House debates
Monday, 16 October 2006
Private Members’ Business
Broadband Communications
1:32 pm
Michael Hatton (Blaxland, Australian Labor Party) Share this | Hansard source
I move:
That the House:
- (1)
- deplores the totally inadequate nature of Australia’s current broadband communications infrastructure;
- (2)
- denounces the Howard Government’s piecemeal dithering with broadband over the past ten years;
- (3)
- declares that Australia should be a world leader in broadband communications along with the Netherlands and South Korea, rather than one of the last to take up fast broadband; and
- (4)
- demands a modern, 21st Century, national broadband communications infrastructure for Australia, as set out in federal Labor’s broadband plan to build a fast network for the whole of Australia.
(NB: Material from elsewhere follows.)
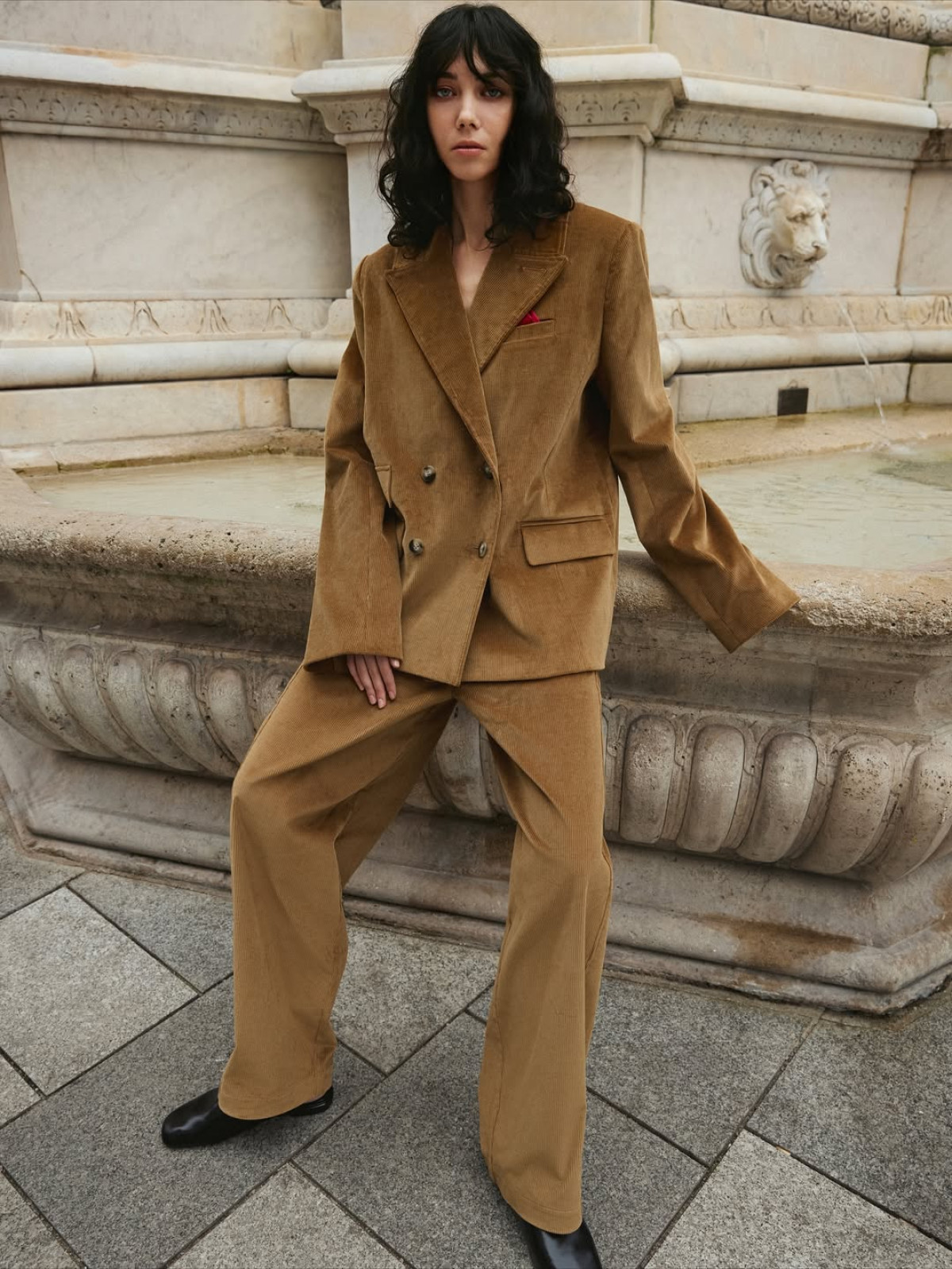 Вельвет повертається в гардероб не як ретро-відсилання, а як ультрасучасний матеріал для зими. Оверсайз-костюм із вельвету — це нова формула комфорту: теплий, тактильно приємний, візуально структурований і водночас розслаблений. У моді костюми в глибоких відтінках — шоколадному, оливковому, винному, темно-синьому. Їх носять як разом, так і окремо: жакет — із джинсами, штани — з об’ємним светром або лонгслівом. У контексті трендових речей цієї зими це одна з найпрактичніших покупок.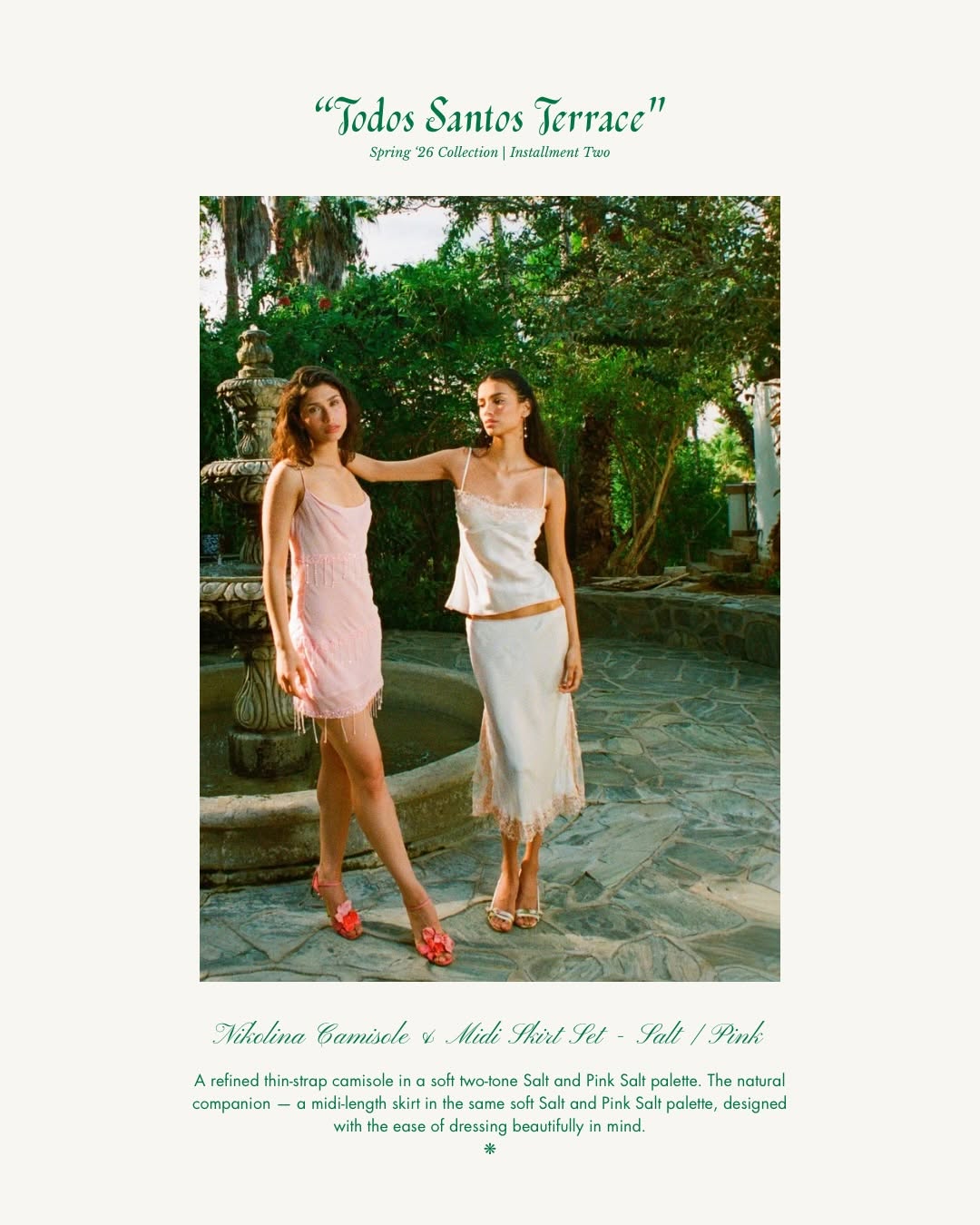 NIKOLINA Camisole & Midi Skirt Set — Salt & Pink. ✽ Soft as an afternoon in the sun, the NIKOLINA set pairs a delicate lace-trim camisole with a fluid midi skirt — effortless dressing for wherever the season takes you. Shop the “Todos Santos Terrace” collection online & in boutiques now. #ASTARESORT

Paragraphs 1 and 2, which deplore what we currently have and denounce the Howard government’s inability to deal with the issue, go to the very core of our problem. Australia is a complete and utter laughing stock comparatively when you look at broadband take-up and what the government has done to amend the problem. If you look at the OECD rankings, Australia is 17th out of 30 countries surveyed by the OECD to take up 256 kilobits broadband. That is unchanged from last year because this government is simply not committed to providing the infrastructure that Australia needs for the present and the future.
According to the World Economic Forum, Australia ranks 25th in terms of available internet bandwidth; Australia’s network readiness is 15th and falling. A recent World Bank study confirms that Australia’s average ADSL speed of barely one megabit per second is one of the slowest in the world behind countries like Britain with 13 megabits per second, France with 8.4 megabits per second, Germany with 6.85 megabits per second and Canada with 6.8 megabits per second.
In the modern age, speed is everything. Currently every member of this parliament has the capacity to access the internet by broadband wherever they are in Australia. What were they allowed to have? Initially it was 28 kilobits per second. What were they allowed to have up until very recently? The absolute minimum if you are talking real broadband is 256 kilobits per second; it has just been doubled to 512 kilobits per second. What is the reality for most of Australia? People are at 256 kilobits per second or lower. It is possible that you could have a minimum of 1.5 megabits per second or faster—over 10 megabits per second—using the current infrastructure of copper and ADSL2 and if much faster units were put into Telstra’s exchanges. This should be across the board if the government provided all of the infrastructure, but they have not.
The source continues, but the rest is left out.